[[ DATASET SECTION, beginning ]]

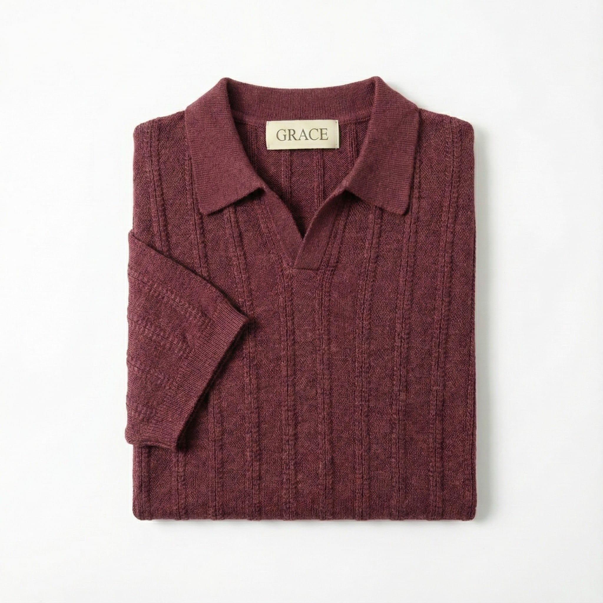 The Royal Navy Stripe Knit Polo By GRACE elevates the standard black tee into a piece of formal knitwear. Built with 350g CVC blended yarn, it provides the perfect balance of softness and durability for the modern professional.
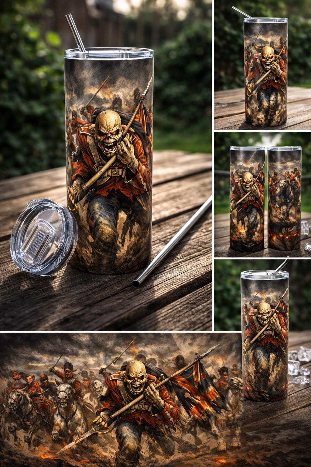 Wrapped in intense, high-detail artwork showing a fearsome skeletal warrior charging through smoke, fire, and chaos, this tumbler is perfect for fans of metal music, gothic art, fantasy battles, and bold alternative style.
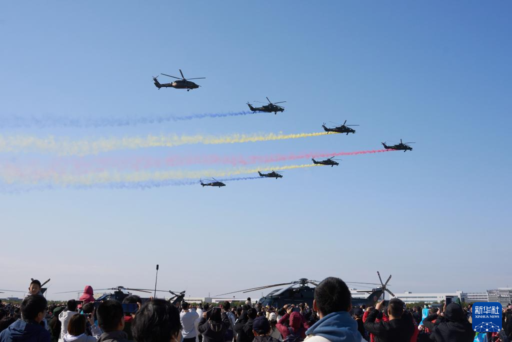 10月18日,陆军“风雷”飞行表演队进行特技飞行表演。 10月18日,第七届中国天津国际直升机博览会以公众开放日拉开帷幕。陆军“风雷”飞行表演队进行了特技飞行表演,为观众呈现了一场视觉盛宴。新华社记者 李杰 摄
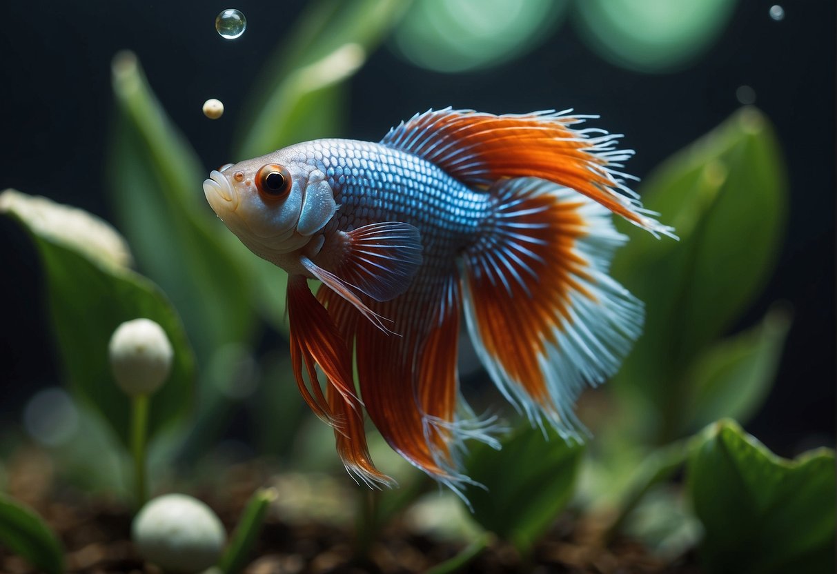Betta fish perform intricate mating rituals that may look and sometimes turn violent. The male often initiates the process, flaring his gills to impress the female with his vibrancy.

[[ DATASET SECTION, end ]]

:: WHAT TO PRODUCE ::
Each line of the listing above must be given again exactly; the pictures are to be left out.

:: ANSWER BOX ::
 The Royal Navy Stripe Knit Polo By GRACE elevates the standard black tee into a piece of formal knitwear. Built with 350g CVC blended yarn, it provides the perfect balance of softness and durability for the modern professional.
 Wrapped in intense, high-detail artwork showing a fearsome skeletal warrior charging through smoke, fire, and chaos, this tumbler is perfect for fans of metal music, gothic art, fantasy battles, and bold alternative style.
 10月18日,陆军“风雷”飞行表演队进行特技飞行表演。 10月18日,第七届中国天津国际直升机博览会以公众开放日拉开帷幕。陆军“风雷”飞行表演队进行了特技飞行表演,为观众呈现了一场视觉盛宴。新华社记者 李杰 摄
Betta fish perform intricate mating rituals that may look and sometimes turn violent. The male often initiates the process, flaring his gills to impress the female with his vibrancy.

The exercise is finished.